NATIONAL: The Plusses, and Perils, of Facebook
Rachel Kapochunas over at CQ has an interesting piece that will likely impact some campaigns in 2010, and many more in future cycles. The growing prominence of sites like Facebook is going to be a potential asset to candidates reaching out to their constituencies, but it is also an absolute boon to opposition researchers.
NATIONAL: Ranking the Presidential Timber of Republican Governors
NPR's Ken Rudin decided to rank the GOP governors from 1-22 (for some reason, he did not demote a certain Southern governor named Sanford--he checks in at #9), in terms of their potential as presidential candidates. He ranks Tim Pawlenty at the top of the list, with recent Obama appointee and soon-to-be-former Utah Governor Jon Huntsman in the second position. Sarah Palin comes in ranked #7. In a humorous twist, Nevada Governor Jim Gibbons ranks dead last. Given the trainwreck that has been his tenure as governor, this seems understandable. Until you realize, of course, that it means that he ranks BEHIND Arnold Schwarzenegger, who is constitutionally precluded from running for President.

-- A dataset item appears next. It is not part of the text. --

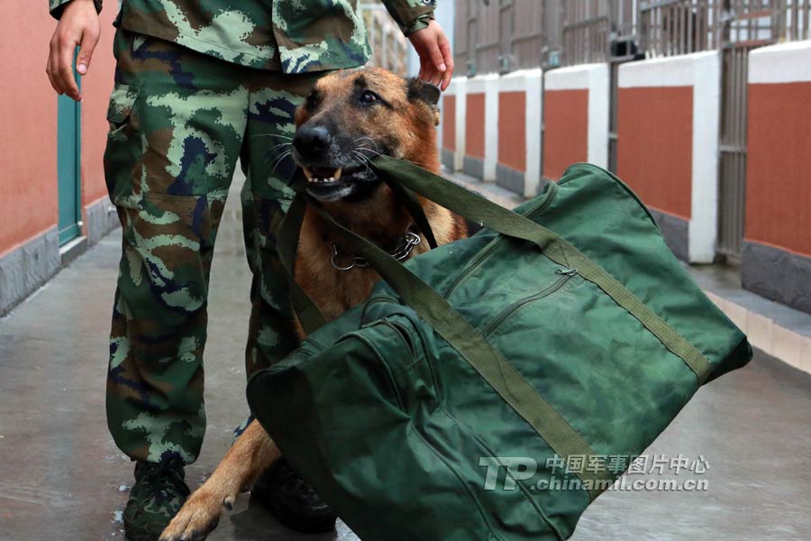 A military dog helps a solider carry the bag. (Photo/TP.chinamil.com.cn)

RACE FOR THE HOUSE: A Microcosm of House Electoral History
Give Rothenberg Report writer Nathan Gonzales credit for an outstanding piece--he looks at a unique region (the Ohio River Valley) and shows how dramatic the changes of the past few election cycles have really been. Once dominated (7 of 9 districts) by the GOP, the Democrats now hold seven of the nine seats, with most of those seats now securely in the blue column.
IL-13: 2008 Sleeper Candidate Announces 2010 Rematch
Good news for Democrats looking to expand the places where they can play offense in 2010.

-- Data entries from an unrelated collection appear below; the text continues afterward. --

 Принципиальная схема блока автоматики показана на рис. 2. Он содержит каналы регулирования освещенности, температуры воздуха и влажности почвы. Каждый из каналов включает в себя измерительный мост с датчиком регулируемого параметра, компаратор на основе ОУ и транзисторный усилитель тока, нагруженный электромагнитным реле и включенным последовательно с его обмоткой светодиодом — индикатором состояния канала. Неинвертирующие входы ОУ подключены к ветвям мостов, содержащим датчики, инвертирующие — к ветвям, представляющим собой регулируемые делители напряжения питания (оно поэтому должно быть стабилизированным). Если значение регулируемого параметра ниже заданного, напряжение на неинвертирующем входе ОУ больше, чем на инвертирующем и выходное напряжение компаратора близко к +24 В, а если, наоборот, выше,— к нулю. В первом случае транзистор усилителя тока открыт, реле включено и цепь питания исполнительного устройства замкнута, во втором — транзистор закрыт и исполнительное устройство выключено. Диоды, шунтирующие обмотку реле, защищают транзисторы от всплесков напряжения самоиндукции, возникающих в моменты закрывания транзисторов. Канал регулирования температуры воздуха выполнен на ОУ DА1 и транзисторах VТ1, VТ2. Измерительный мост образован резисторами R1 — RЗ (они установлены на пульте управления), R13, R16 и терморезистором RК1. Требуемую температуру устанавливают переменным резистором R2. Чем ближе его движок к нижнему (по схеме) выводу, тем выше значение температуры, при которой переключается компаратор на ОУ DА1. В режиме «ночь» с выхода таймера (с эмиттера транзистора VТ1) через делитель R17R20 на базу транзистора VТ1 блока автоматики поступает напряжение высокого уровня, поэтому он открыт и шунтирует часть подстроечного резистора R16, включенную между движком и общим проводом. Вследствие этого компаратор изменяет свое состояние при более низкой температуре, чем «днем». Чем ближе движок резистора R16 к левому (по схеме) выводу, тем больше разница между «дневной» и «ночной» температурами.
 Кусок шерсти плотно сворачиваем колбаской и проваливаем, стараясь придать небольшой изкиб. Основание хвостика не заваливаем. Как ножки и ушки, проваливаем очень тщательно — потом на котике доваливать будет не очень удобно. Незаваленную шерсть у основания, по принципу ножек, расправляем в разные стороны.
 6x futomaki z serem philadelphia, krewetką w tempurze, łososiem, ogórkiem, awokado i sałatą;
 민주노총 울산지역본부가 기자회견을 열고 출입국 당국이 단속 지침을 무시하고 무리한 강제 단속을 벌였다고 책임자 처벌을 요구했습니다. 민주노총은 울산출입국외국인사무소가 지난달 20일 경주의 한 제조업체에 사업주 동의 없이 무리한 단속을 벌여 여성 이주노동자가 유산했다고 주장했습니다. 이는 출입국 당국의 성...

Scott Harper, who flew below the radar a bit and wound up giving Judy Biggert the biggest scare of her Congressional career, has launched his 2010 bid for Congress. Harper trailed Biggert by nine points (and some change) in 2008.

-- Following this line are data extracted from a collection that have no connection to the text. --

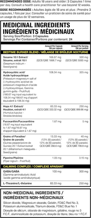 - بدون محرک، ترموژنیک - افتر برنر کاملاً بدون محرک است و برای مصرف قبل از خواب طراحی شده است تا به مردان و زنان کمک کند تا در طول خواب نیز به اهداف کاهش وزن خود ادامه دهند.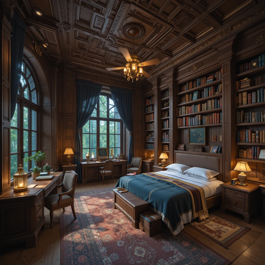 A library-themed bedroom feels intellectual and cozy, with towering bookshelves, enchanting tables, and a reading nook. This style enhances the aesthetic while adding functionality for enchanting gear.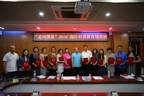 国家海洋局第一海洋研究所、中国大洋样品馆组织专业科技力量编写了《“走向深蓝”海洋科普教育计划——深海资源探秘》科技教师专业培训用书,并赠送给部分海洋特色学校。此次培训由数位海洋专业的博士、研究员所组成的专业团队亲自授课,讲授关于国际海底与我国国际海底资源调查、国际海底资源勘查开发技术、海底矿产资源等方面的专业知识,并分期分批对全市中小学科技教师进行专业系统的“深海资源”培训,为经过培训、考察合格的教师颁发证书及中国大洋样品馆客座讲师聘书。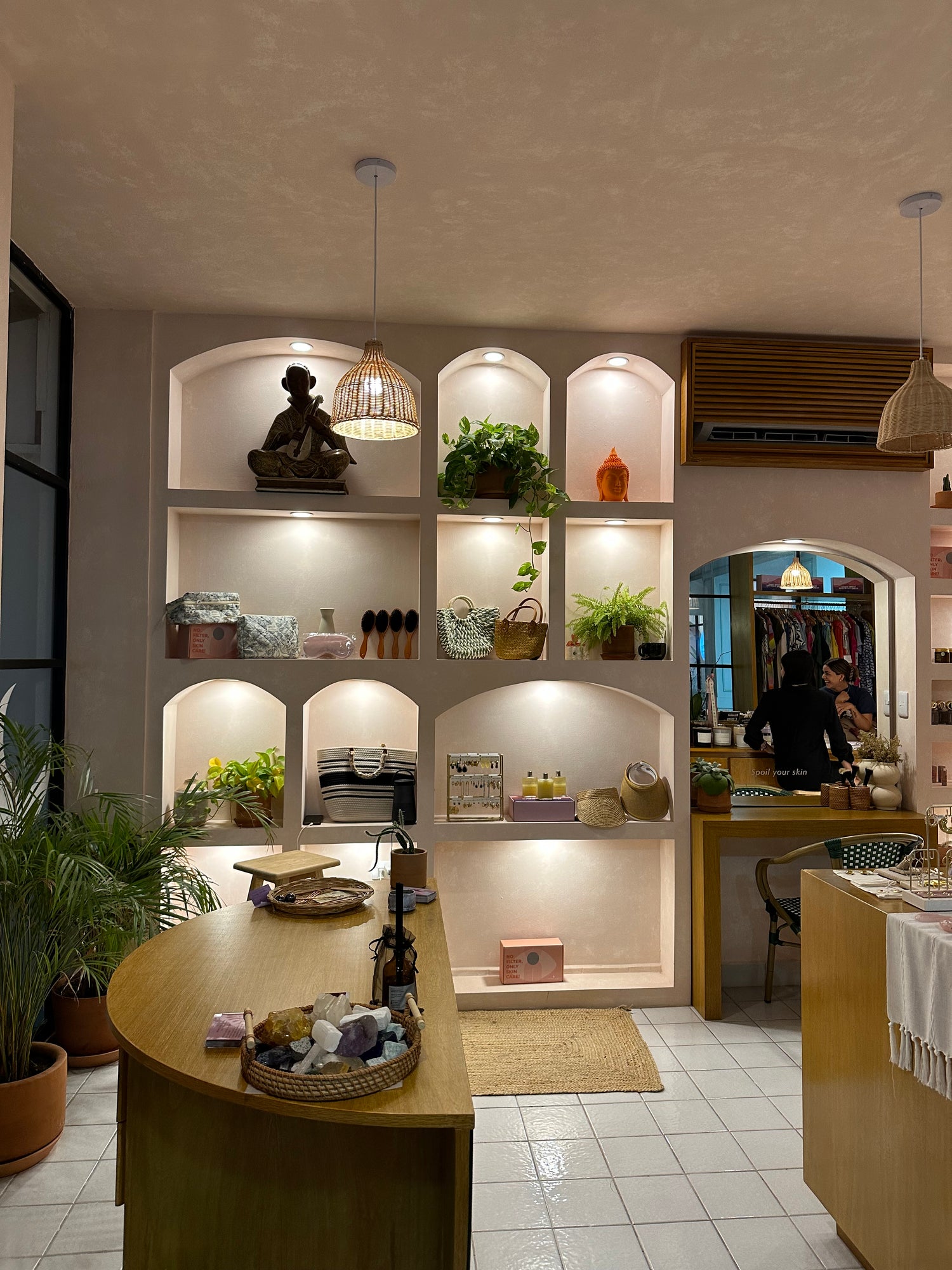 Ven a visitarla a la tienda, donde te permitirá probar el amor de Madre Luna Skin Care.

NC-Sen: Another Poll Confirms Burr's Brutal Political Standing
Republican Senator Richard Burr has to be considered a vulnerable incumbent for 2010, as confirmed by a new poll from Insider Advantage. Burr is slugging along with favorables only at 39%, with unfavorables at 31%. Now, all the Democrats need is an actual candidate. Yesterday, Swing State Project hinted that former state senator Cal Cunningham (whose biography is very attractive) is about to get into the race.
CA-10: Tauscher Confirmed--Game On For Special Election
Now that Ellen Tauscher has been confirmed in her new role as an undersecretary in the State Department, the special election to replace her in the Bay Area-adjacent 10th district of California can begin. Given the Democratic lean of the district, it would appear that the real contest here will be in the Democratic primary. Though there are a load of Democrats looking at the race, there appear to be four leading candidates: longtime statewide officeholder John Garamendi, newly elected state Senator Mark DeSaulnier (who has Tauscher's endorsement, according to his website), state assemblywoman Joan Buchanan, and an intriguing outsider candidate in twenty-something Anthony Woods, who has a biography that other candidates would kill for--a Harvard-educated Iraq War veteran who was discharged from the military because of DADT.